***** Data shown

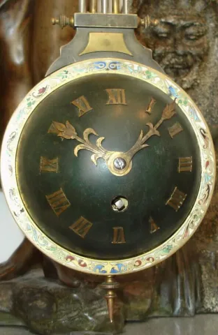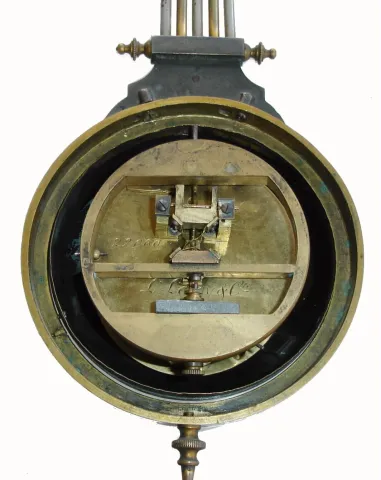French, Mysterious Novelty clock, the movement contained at the bottom of the pendulum, and the pendulum swinging without apparent impulse. The ring surrounding the pendulum spring mystery suspension, similar to a swinging arm clock, c1880
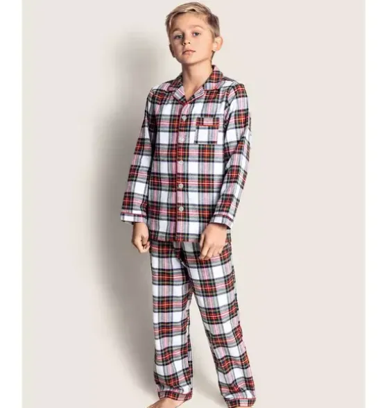 - They’ll be tucked in love with this pajama set from our friends at Petite Plume. In an iconic tartan and brushed for added softness that gets cozier after each wash.
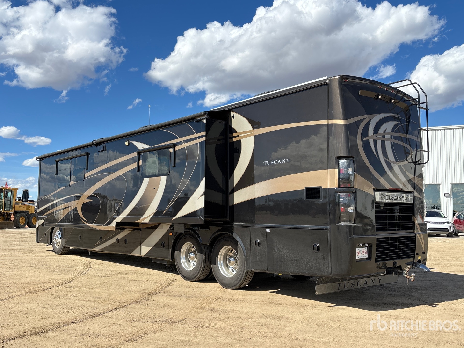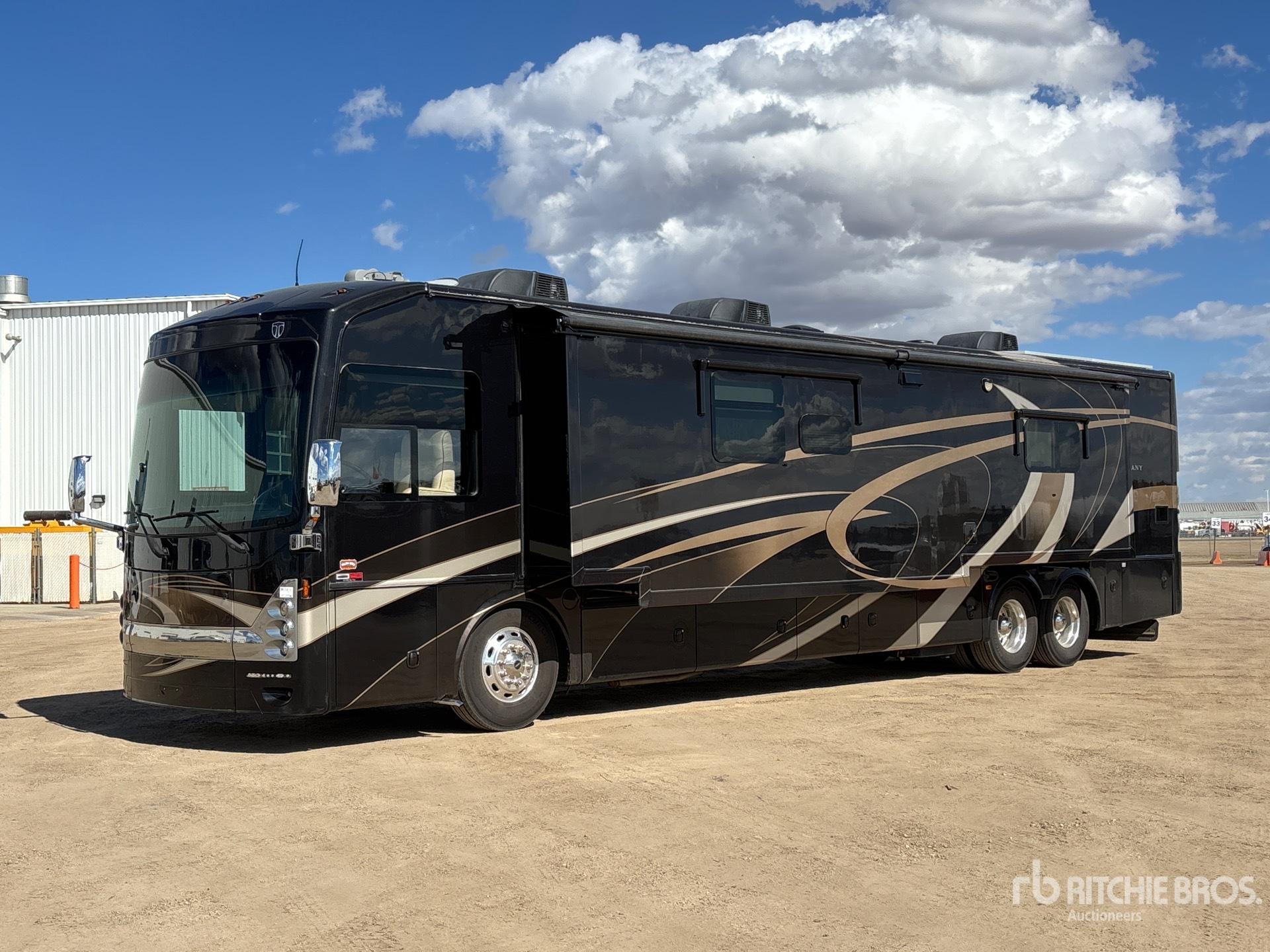 Air Conditioner, Allison 6 Speed Automatic Transmission, Cummins ISL9 6 Cylinder 8.9 L Diesel 450 hp Engine, Sleeps 6 People, Dish Washer, Clothes Washer & Dryer, 44600 lb GVWR, 3 Slide Outs, Power Entrance Step, Power Leveling Jacks, Power Awning, Roof Mounted Satellite Receiver, Onan 8000 Generator w/ 907 hrs, 2 full bathrooms with porcelain toilets, heated floors, boiler system, endless hot water, fire place, residential fridge
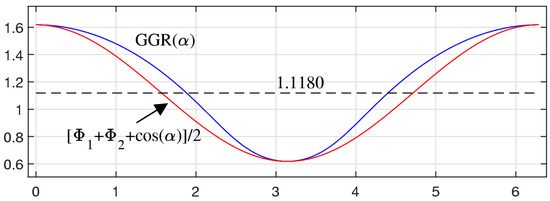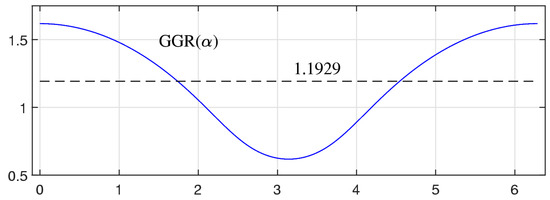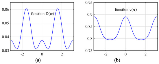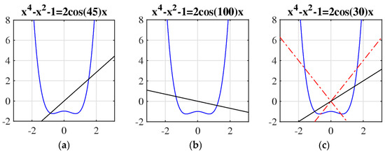 with the initial condition = 1.61803398… For each angle α, the quartic polynomial in this equation has four roots, and two of them are complex, therefore being a complex conjugate. We are looking for a positive solution of this equation, which should be only one. Equation (9) can be written as The parabola crosses the straight line with the slope at two points. As an illustration, Figure 7 shows the graph of the polynomial together with the line , when in part (a) and in part (b).
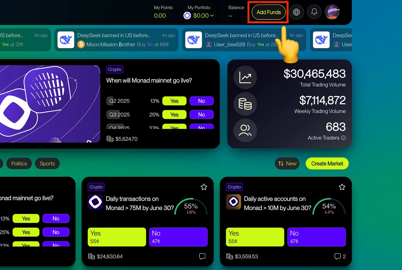 如果您使用 $aprMON 进行交易,请单击“添加资金”将 $aprMON 转入您的账户。
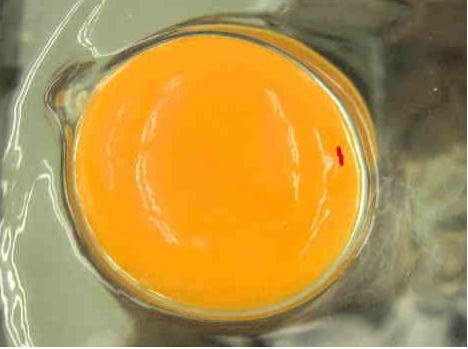 ・卵黄膜物質が固まって卵黄の表面に付着。
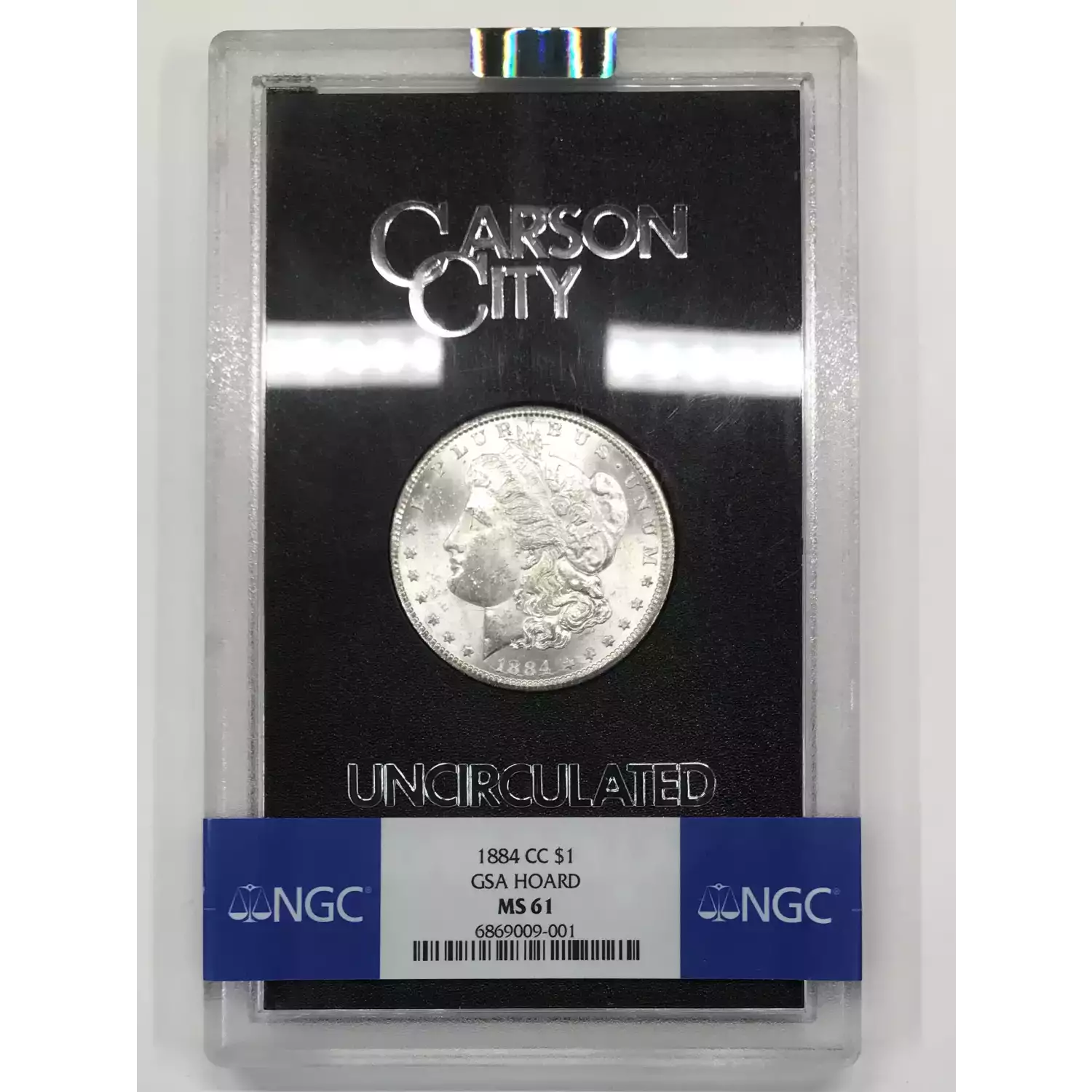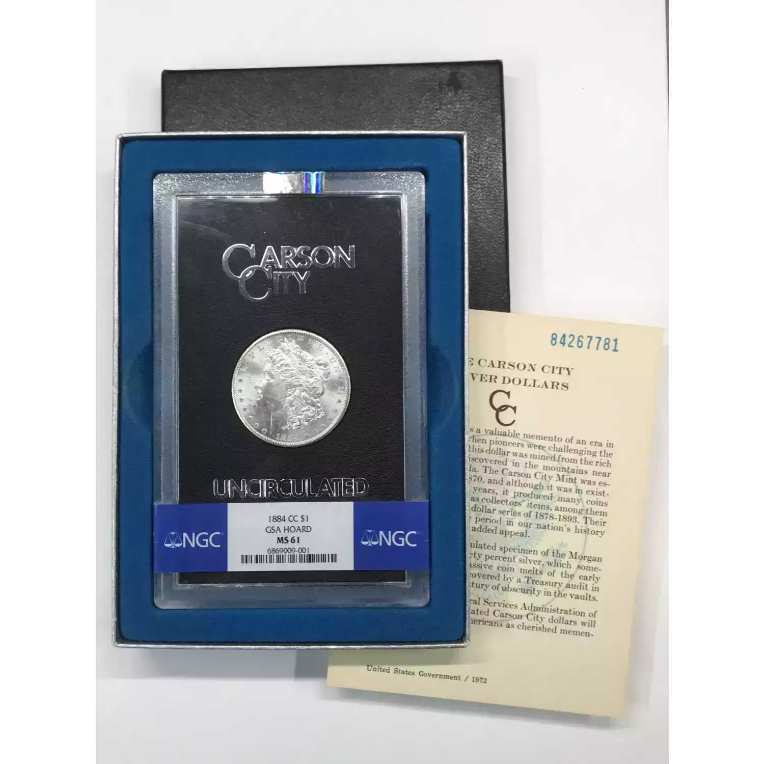 1884-CC GSA HOARD Morgan Silver Dollar NGC MS-61 - w Box & COA - box lid is fully separated from bottom
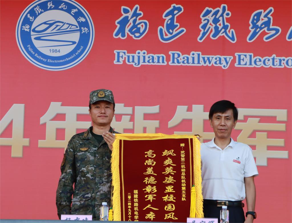 汇操结束后,对本次军训中的先进个人和先进集体进行了表彰。为感谢承训教官对本次军训的大力支持,吴宁晖代表学校向杨中建副大队长赠送锦旗。典礼的尾声,吴宁晖激励同学们能将在军训中培养的良好习惯融入到校园学习与生活中,努力拼博、奋发进取,以更加坚定的信念和昂扬的斗志去迎接未来的挑战,披荆斩棘,勇往直前,创造出更加辉煌的明天!
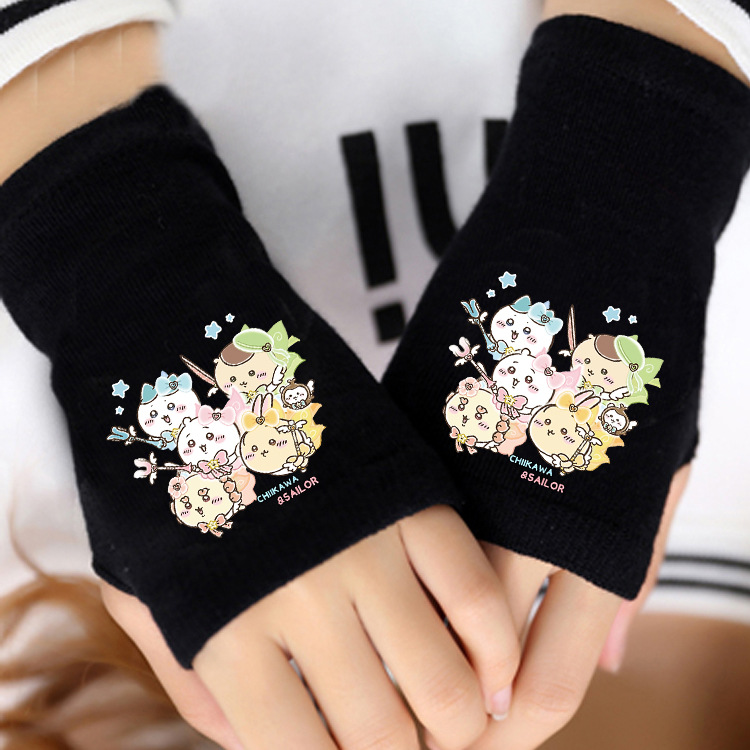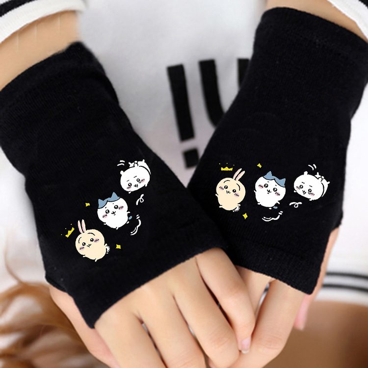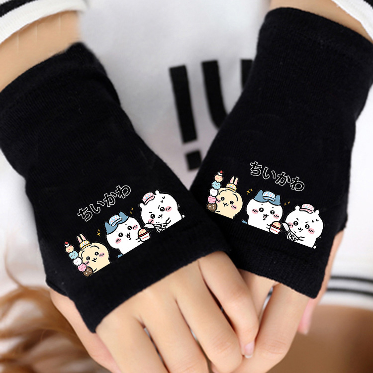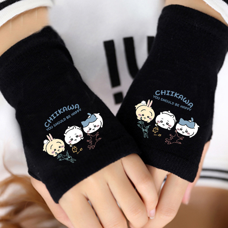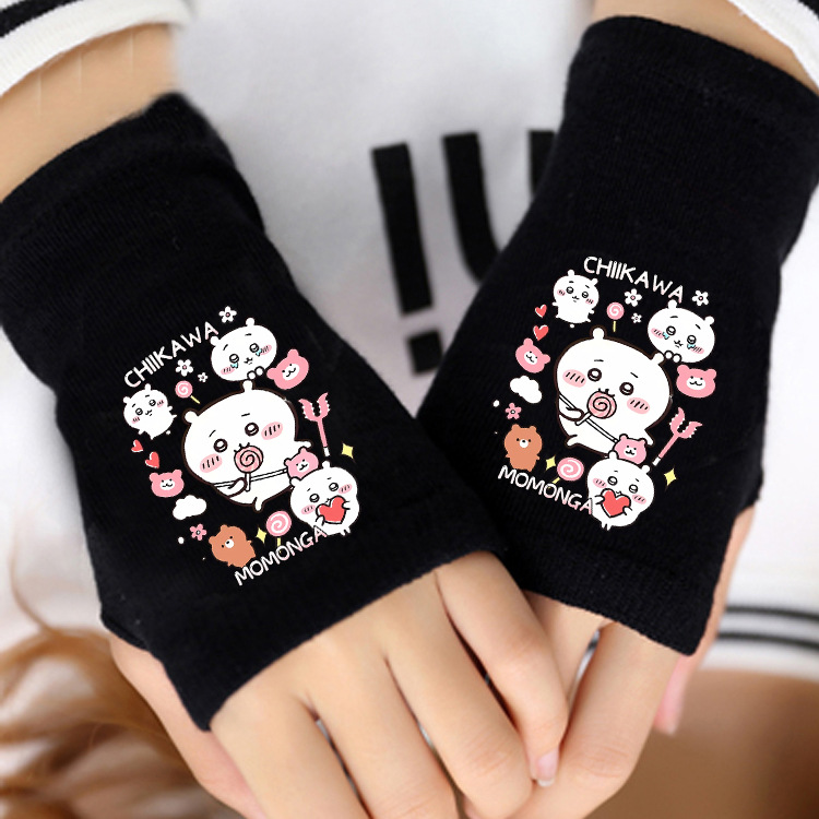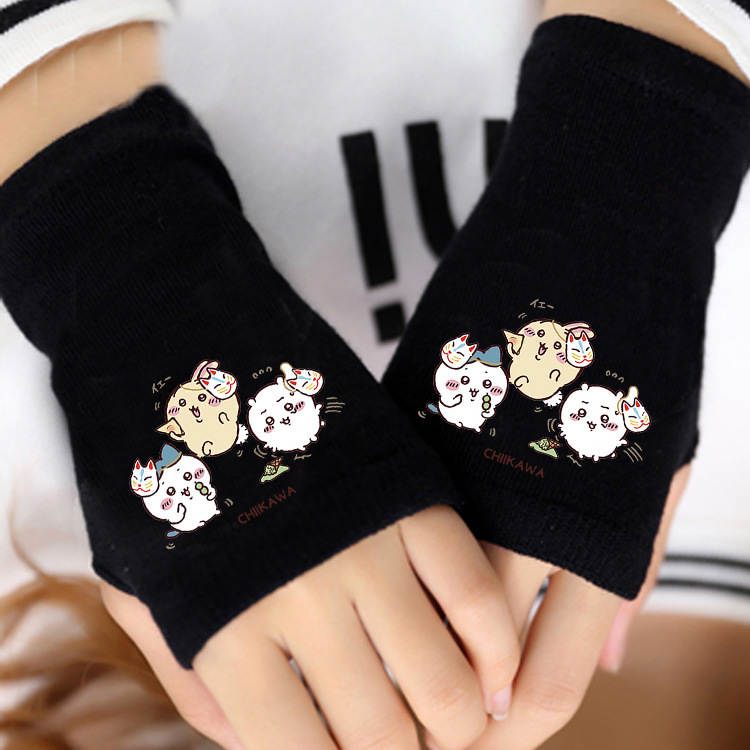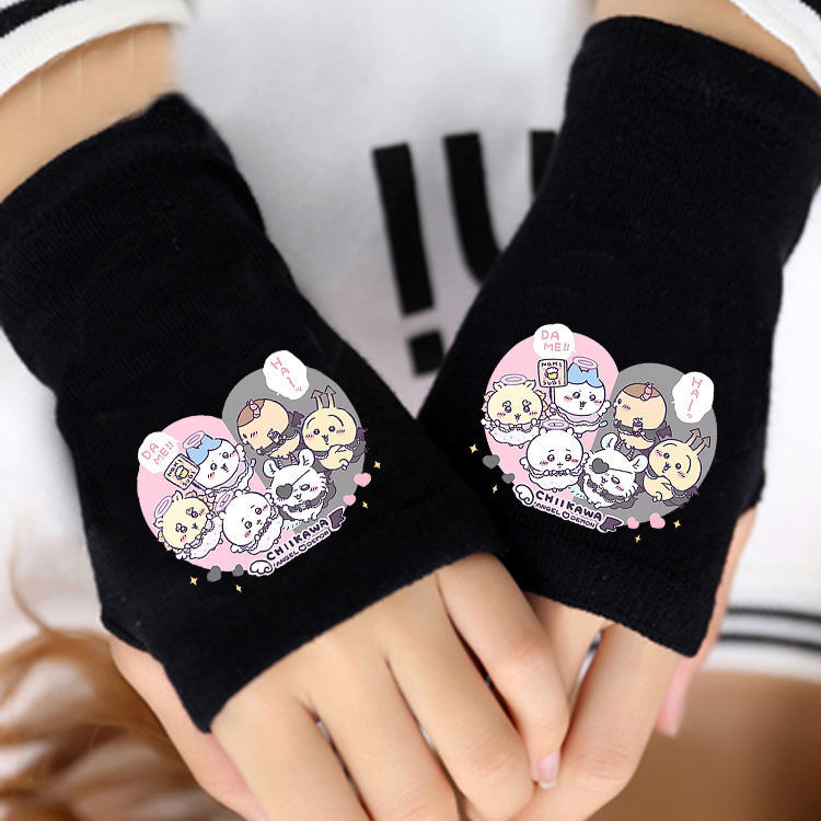 애니메이션 주변 상품 남녀 어린이용 보온 두꺼운 야외용 작은 팔 보온 장갑 남녀 학생 반손가락 장갑 겨울용

**********

[What you should do] Transcribe every entry exactly, leaving out the pictures.

[Answer box]
French, Mysterious Novelty clock, the movement contained at the bottom of the pendulum, and the pendulum swinging without apparent impulse. The ring surrounding the pendulum spring mystery suspension, similar to a swinging arm clock, c1880
 - They’ll be tucked in love with this pajama set from our friends at Petite Plume. In an iconic tartan and brushed for added softness that gets cozier after each wash.
 Air Conditioner, Allison 6 Speed Automatic Transmission, Cummins ISL9 6 Cylinder 8.9 L Diesel 450 hp Engine, Sleeps 6 People, Dish Washer, Clothes Washer & Dryer, 44600 lb GVWR, 3 Slide Outs, Power Entrance Step, Power Leveling Jacks, Power Awning, Roof Mounted Satellite Receiver, Onan 8000 Generator w/ 907 hrs, 2 full bathrooms with porcelain toilets, heated floors, boiler system, endless hot water, fire place, residential fridge
 with the initial condition = 1.61803398… For each angle α, the quartic polynomial in this equation has four roots, and two of them are complex, therefore being a complex conjugate. We are looking for a positive solution of this equation, which should be only one. Equation (9) can be written as The parabola crosses the straight line with the slope at two points. As an illustration, Figure 7 shows the graph of the polynomial together with the line , when in part (a) and in part (b).
 如果您使用 $aprMON 进行交易,请单击“添加资金”将 $aprMON 转入您的账户。
 ・卵黄膜物質が固まって卵黄の表面に付着。
 1884-CC GSA HOARD Morgan Silver Dollar NGC MS-61 - w Box & COA - box lid is fully separated from bottom
 汇操结束后,对本次军训中的先进个人和先进集体进行了表彰。为感谢承训教官对本次军训的大力支持,吴宁晖代表学校向杨中建副大队长赠送锦旗。典礼的尾声,吴宁晖激励同学们能将在军训中培养的良好习惯融入到校园学习与生活中,努力拼博、奋发进取,以更加坚定的信念和昂扬的斗志去迎接未来的挑战,披荆斩棘,勇往直前,创造出更加辉煌的明天!
 애니메이션 주변 상품 남녀 어린이용 보온 두꺼운 야외용 작은 팔 보온 장갑 남녀 학생 반손가락 장갑 겨울용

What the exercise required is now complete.